“I lit three candles and stood awhile, to let my eyes accustom themselves to the dim light. There was everything, just as the last Bronze Age man had left it, three to four thousand years before. A light brownish dust covered all… There beads of stone, bone implements made from Red Deer antlers, and many fragments of much decayed pottery. On little raised recesses in the wall were flat stones, on which reposed the calcinated bones of young children.”
– Robert Lloyd Praeger(one of the three men to first reopen the tombs)

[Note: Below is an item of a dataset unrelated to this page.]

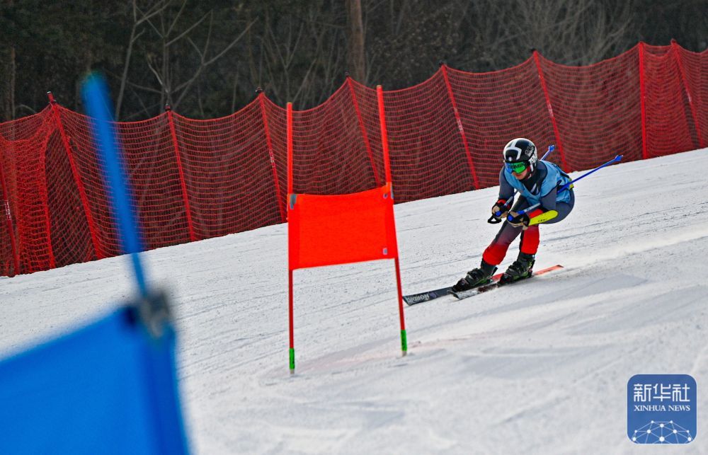湖北省总工会选手邹云在高山滑雪男子大回转项目比赛中。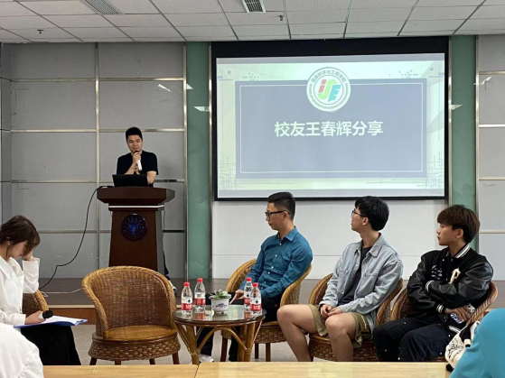 就职于学院合作企业的王春辉从获取工作信息、求职、工作岗位经历等展开分享,他强调同学们求职就业要综合分析自己的优势,寻找适合自己的岗位,要去公司实地考察参观,了解公司环境、人文氛围等。他强调,找自己热爱的工作才能有足够内驱力推动自己在工作岗位中前进,选工作适应期短暂痛苦会有,但只要努力会越来越好。

Carrowkeel predates the pyramids and if that isn’t enough reason to go visit these beautiful passage tombs then I will try give you several more now. The Carrowkeel complex is spread out over quite an expansive area and contains 14 passage tombs and cairns. Sadly on the day of my visit I simply didn’t have time to go and see all the ruins in the area due to weather conditions and very little knowledge of the site before my visit. I knew it was built around 3200-2400BC and that the possible remains of a neolithic village was found nearby. The passage tombs are relatively untouched in many ways though the first excavations carried out in 1911 caused quite a substantial amount of damage.
Carrowkeel is located in the Bricklieve Mountains in County Sligo. Its one of the largest tomb complexes in Ireland along with Brú na Bóinne, Lough Crew and Carrowmore. The day of my visit was overcast and blustery, and as I began my ascent up the mountain it helped to add to the atmosphere. There wasn’t a single other soul there and my mind began playing a couple of tricks on me and I experienced some pretty strange sensations. It seemed fitting that the ancient Celtic festival of Samhain was just days away when I visited three of the cairns at the end of October 2012. As I trudged through the boggy earth up towards the first cairn I got images of how haunting and peaceful this place must have seemed to our ancestors as they brought their loved to be buried in these tombs.
As I reached the first cairn the wind kept on rising in ferocity, the rain too got colder and heavier. I had already experienced the strange sensation of someone following me as I walked up the stretch from where I had parked, my mind had begun to drift off to a couple of things in my own life that I wanted to leave behind on that mountain. There had been one or two thoughts and memories plaguing my mind in the weeks leading up to my visit and it felt like they came to some sort of conclusion on the side of that mountain. I entered the first cairn and sat down staring out across the mountain through the lightbox that is aligned for the summer solstice. The wind created a hum as it circled the mound and I sat there for fifteen minutes giving myself a brief respite from the cutting rain. As I left the mound I circled around it and headed up to the next cairn, I wasn’t able to enter this cairn but circled around it before heading to the last tomb I was to visit that day.
The wind continued and so did the rain, making me lose my breath at times, as I circled the last tomb it seemed to me the wind just dropped and the rain stopped almost instantaneously I stood there for half an hour drying off with a strange sensation of lightness in my head. As I descended back past the three cairns I recalled the thoughts that had been occupying my mind the preceding few weeks, I felt calmer and they didn’t hit me with the same emotionally intensity as they had before. I passed by each cairn and felt lighter and brighter, as I rounded the last one the rain began to fall again and increased as I walked back towards where I had parked. By the time I got to the car I was entirely soaked.
I know my experience that day may sound like a load of superstition and foolishness, but to each their own and I feel my visit to this place of such spiritual significance paid my mind dividends. I highly recommend a trip to Carrowkeel but just some words of warning, due to the unexcavated nature of alot of the surrounding area be careful with your footing as the undergrowth is laden with rocks and deep boggy holes. Secondly I would really suggest not walking on top of these tombs, they are small and incredibly fragile and any scaling of them would cause damage. I hope to head back to Carrowkeel later this year.